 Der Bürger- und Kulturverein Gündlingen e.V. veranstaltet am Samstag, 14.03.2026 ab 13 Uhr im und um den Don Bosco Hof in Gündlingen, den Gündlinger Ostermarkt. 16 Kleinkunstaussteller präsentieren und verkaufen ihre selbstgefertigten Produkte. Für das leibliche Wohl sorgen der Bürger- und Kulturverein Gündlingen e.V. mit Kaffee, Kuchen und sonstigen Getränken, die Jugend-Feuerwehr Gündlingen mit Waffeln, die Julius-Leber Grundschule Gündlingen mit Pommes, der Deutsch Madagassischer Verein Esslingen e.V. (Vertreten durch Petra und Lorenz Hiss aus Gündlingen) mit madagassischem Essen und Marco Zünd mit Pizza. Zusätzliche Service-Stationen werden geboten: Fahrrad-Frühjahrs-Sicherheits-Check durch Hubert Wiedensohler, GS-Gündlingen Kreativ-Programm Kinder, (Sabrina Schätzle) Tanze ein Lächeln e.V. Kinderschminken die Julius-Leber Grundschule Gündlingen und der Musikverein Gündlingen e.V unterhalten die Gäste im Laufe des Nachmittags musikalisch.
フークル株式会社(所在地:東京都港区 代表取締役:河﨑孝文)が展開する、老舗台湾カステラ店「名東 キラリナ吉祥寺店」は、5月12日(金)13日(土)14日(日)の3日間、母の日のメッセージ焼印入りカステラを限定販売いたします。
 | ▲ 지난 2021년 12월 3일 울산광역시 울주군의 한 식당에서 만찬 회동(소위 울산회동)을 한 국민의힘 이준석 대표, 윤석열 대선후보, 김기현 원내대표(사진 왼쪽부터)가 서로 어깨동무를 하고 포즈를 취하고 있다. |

═══

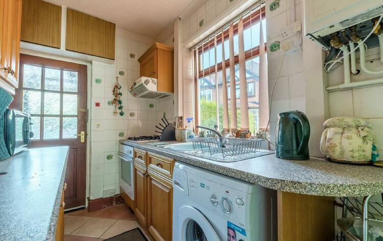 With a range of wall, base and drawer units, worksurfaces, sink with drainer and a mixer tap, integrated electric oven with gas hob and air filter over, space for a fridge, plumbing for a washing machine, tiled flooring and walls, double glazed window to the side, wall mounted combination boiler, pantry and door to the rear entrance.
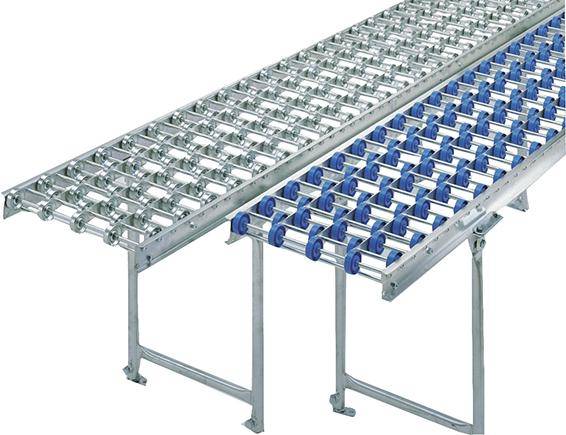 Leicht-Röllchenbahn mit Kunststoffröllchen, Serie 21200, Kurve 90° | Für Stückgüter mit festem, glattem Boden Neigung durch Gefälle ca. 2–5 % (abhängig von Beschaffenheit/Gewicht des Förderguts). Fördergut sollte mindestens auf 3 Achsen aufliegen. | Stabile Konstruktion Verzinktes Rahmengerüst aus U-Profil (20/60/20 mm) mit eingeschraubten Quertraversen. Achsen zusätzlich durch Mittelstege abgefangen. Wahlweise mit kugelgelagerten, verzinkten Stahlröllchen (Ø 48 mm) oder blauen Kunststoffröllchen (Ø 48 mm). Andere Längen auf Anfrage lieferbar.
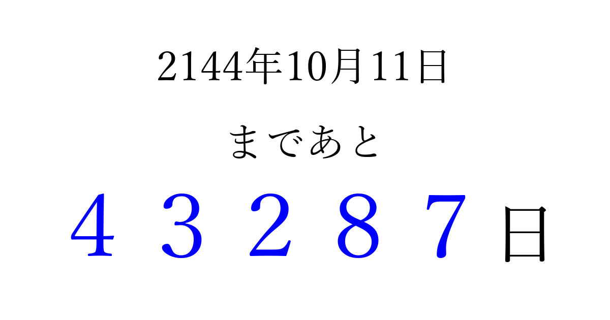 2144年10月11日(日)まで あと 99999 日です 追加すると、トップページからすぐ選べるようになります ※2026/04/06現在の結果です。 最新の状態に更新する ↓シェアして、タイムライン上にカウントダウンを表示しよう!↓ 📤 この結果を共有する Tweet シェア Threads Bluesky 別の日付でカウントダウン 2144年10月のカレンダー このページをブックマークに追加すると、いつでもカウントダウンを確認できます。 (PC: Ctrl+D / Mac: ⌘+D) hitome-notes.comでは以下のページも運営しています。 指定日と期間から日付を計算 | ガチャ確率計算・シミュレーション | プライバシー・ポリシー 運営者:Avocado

═══

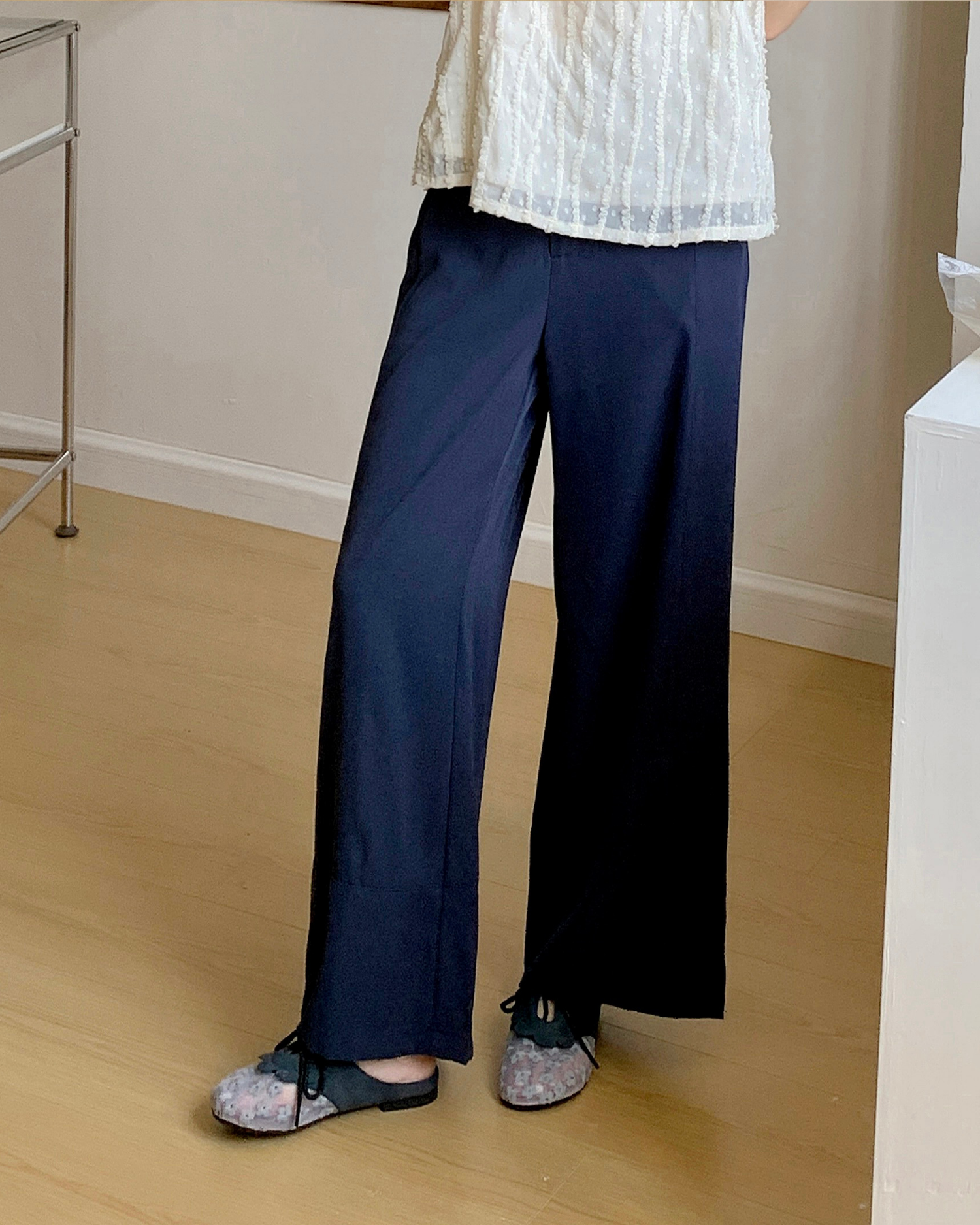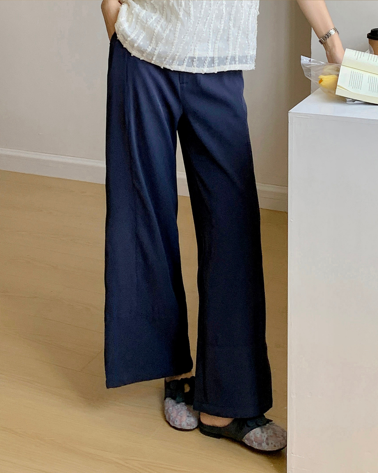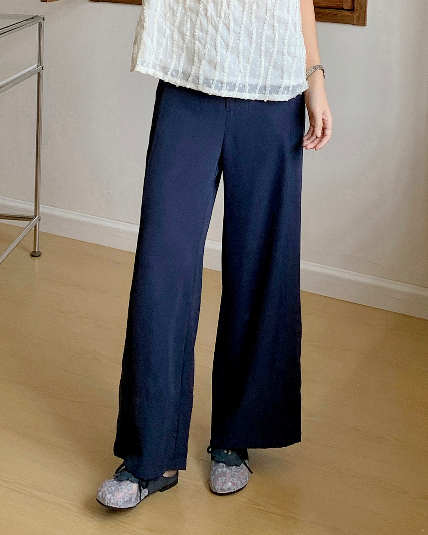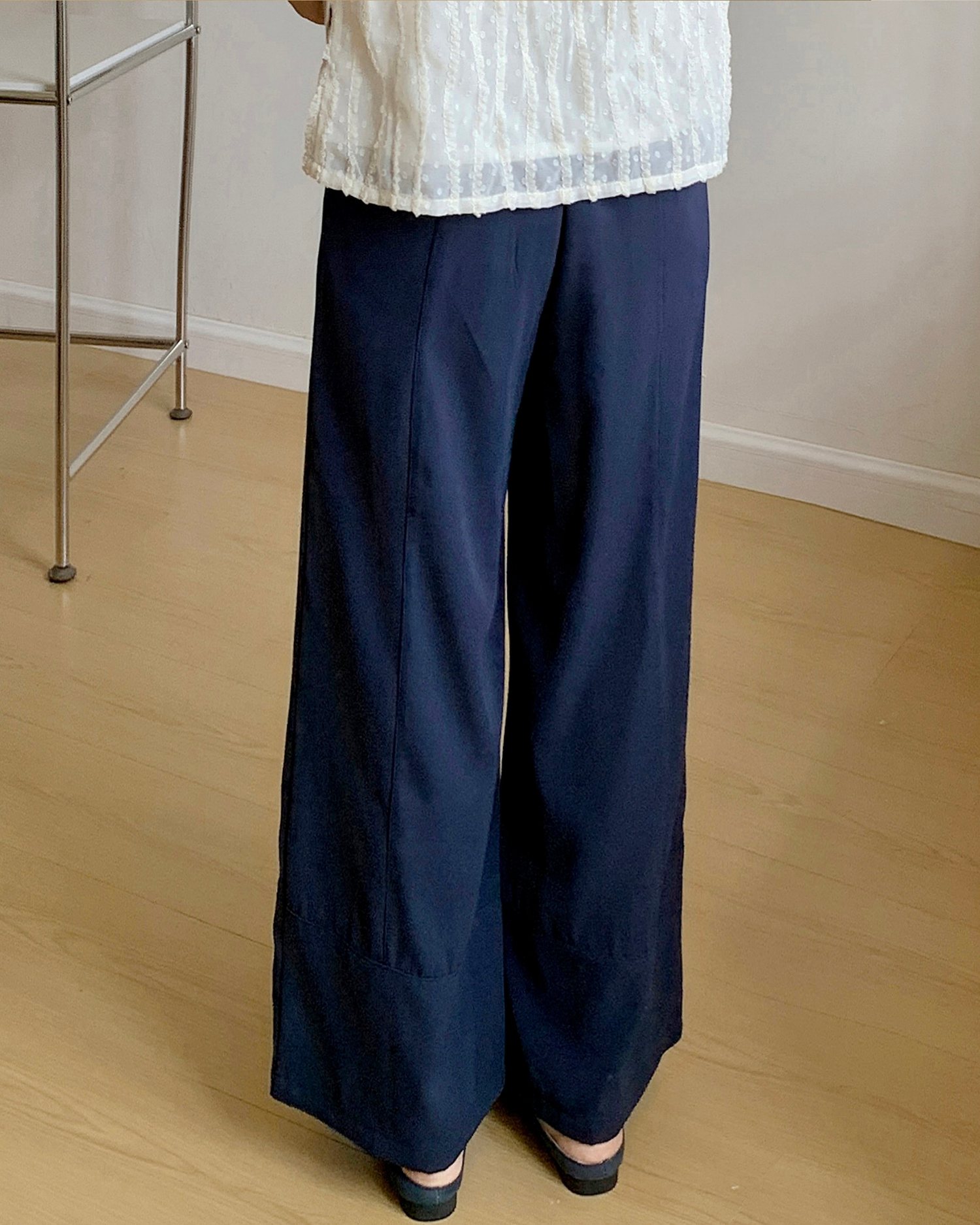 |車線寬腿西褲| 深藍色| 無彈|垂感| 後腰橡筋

═══

Take the material above from the line bearing "Leicht-Röllchenbahn mit Kunststoffröllchen, Serie" through the line bearing "2144年10月11日(日)まで あと 99999" and write it out exactly, both end lines included. Pictures stay out.

### ANSWER TO THIS PROBLEM:
 Leicht-Röllchenbahn mit Kunststoffröllchen, Serie 21200, Kurve 90° | Für Stückgüter mit festem, glattem Boden Neigung durch Gefälle ca. 2–5 % (abhängig von Beschaffenheit/Gewicht des Förderguts). Fördergut sollte mindestens auf 3 Achsen aufliegen. | Stabile Konstruktion Verzinktes Rahmengerüst aus U-Profil (20/60/20 mm) mit eingeschraubten Quertraversen. Achsen zusätzlich durch Mittelstege abgefangen. Wahlweise mit kugelgelagerten, verzinkten Stahlröllchen (Ø 48 mm) oder blauen Kunststoffröllchen (Ø 48 mm). Andere Längen auf Anfrage lieferbar.
 2144年10月11日(日)まで あと 99999 日です 追加すると、トップページからすぐ選べるようになります ※2026/04/06現在の結果です。 最新の状態に更新する ↓シェアして、タイムライン上にカウントダウンを表示しよう!↓ 📤 この結果を共有する Tweet シェア Threads Bluesky 別の日付でカウントダウン 2144年10月のカレンダー このページをブックマークに追加すると、いつでもカウントダウンを確認できます。 (PC: Ctrl+D / Mac: ⌘+D) hitome-notes.comでは以下のページも運営しています。 指定日と期間から日付を計算 | ガチャ確率計算・シミュレーション | プライバシー・ポリシー 運営者:Avocado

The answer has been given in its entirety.